Impulse Theatre's The Path
Where: English Inn, 429 Lampson St., Esquimalt
When: Wednesdays and Thursdays at 6 p.m., today through July 26
Tickets: $15 ($12 student/ senior/youth) at the door
Real estate agents aren't the only ones who recognize the importance of location.
Impulse Theatre, a young local company that blends dance with theatre, regularly takes inspiration from its surroundings through site-specific performance.
"It's taking outdoor, unusual venues and turning them into a place where an audience can enjoy or be challenged by theatre or even dance," said artistic director Andrew Barrett.
The 22-year-old, who just graduated from the University of Victoria's theatre program, founded the company in 2010. As its title suggests, it was an impulsive move - he and two friends decided to perform on a rock in James Bay and have continued creating works since.
Barrett has staged sitespecific shows in Banfield Park, on the Selkirk Waterfront, at Point Ellice House and at the fountain outside UVic's library. The company has also performed in more conventional theatres, through Intrepid Theatre's You Show, the Fringe Festival and Light on Our Feet.
Tonight, they'll take theatre into yet another new venue: the gardens of Esquimalt's English Inn. They created The Path onsite, while exploring the natural environment and sharing whatever pieces of myth it inspired, which Barrett edited into a story.
"The story of The Path follows a being called Lamia, who was created out of humanity's need to break the shackles of the gods who control life and death," said Barrett. "So The Path is her last-ditch plan to fulfill her objective, what she was born to do."
The cast of 13, composed primarily of UVic theatre students, will perform in Barrett's signature hybrid theatre-dance style.
"I like to call it physical storytelling," he said. "Because it's movement based, but there's always a story there."
Barrett, who grew up on Saltspring Island, named as mentors performance artist Ingrid Hansen of SNAFU Dance Theatre and Connie Cooke, artistic director of the Victoria School of Contemporary Dance. He also said the year he spent at the Gulf Island School of Performing Arts instilled a belief in genre-crossing performance.
"I found that really influenced how I create theatre, because it was a very collective ensemble," he said.

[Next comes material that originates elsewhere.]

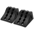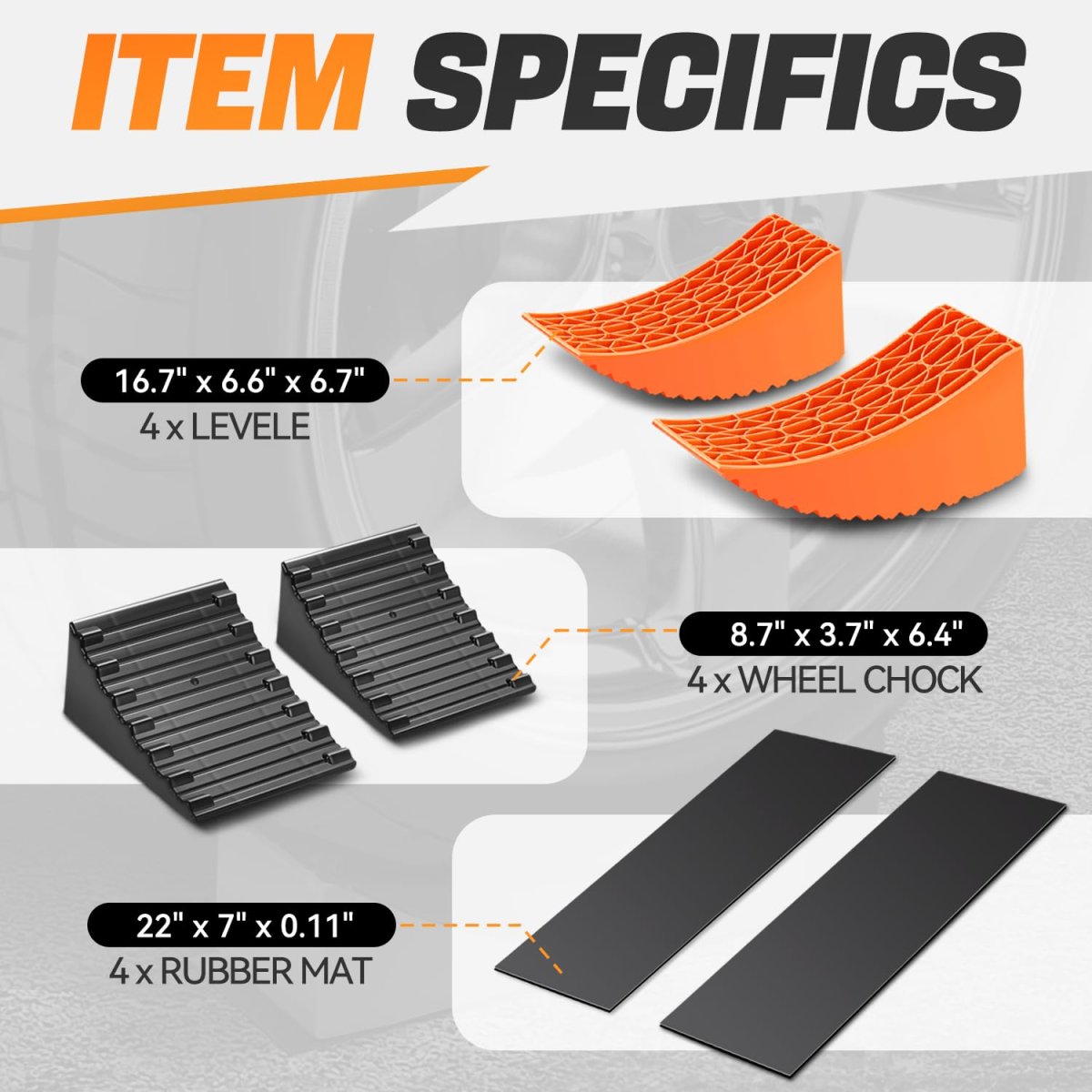 Precise & Swift LevelingEffortlessly achieve perfect leveling within 5 minutes, adjusting your trailer by increments from 1/2" to 4". Say goodbye to the hassle of using blocks or planks; simply drive onto our levelers until your RV, camper, or trailer is level it's that simple.. Universal Fit for Dual Axle TrailersDesigned with moderate dimensions, our levelers seamlessly fit most dual axle trailers without the need for trimming or modifications. Enjoy hassle-free leveling that beats out other devices requiring customization.. Heavy-Duty Load-Bearing CapacityCrafted from a high-performance polymer, our RV levelers boast a lifetime durability. Capable of supporting trailers up to 27,000 lbs, they resist breaking or compressing under weight, unlike levelers made of HDPE or PP. A vital safety assurance for your RV.. Product SpecificationLeveler: 16.7" x 6.6" x 6.7" Wheel Chock: 8.7" x 3.7" x 6.4" Rubber Mat: 22" x 7" x 0.11".Other fine products

The students, who concentrated in theatre, dance and music, would come together at the end of the year for a collectively created work.
"So we'd all learn how to meld it together and kind of break the [division of], 'This is a dance show; this is a theatre show; this is a music show,' " he said.
While physical storytelling and site-specific performance have been fairly consistent characteristics of Impulse Theatre productions, the future is flexible.
"I didn't start out with a goal or destination for the company and I still don't have one, which I find very liberating," he said.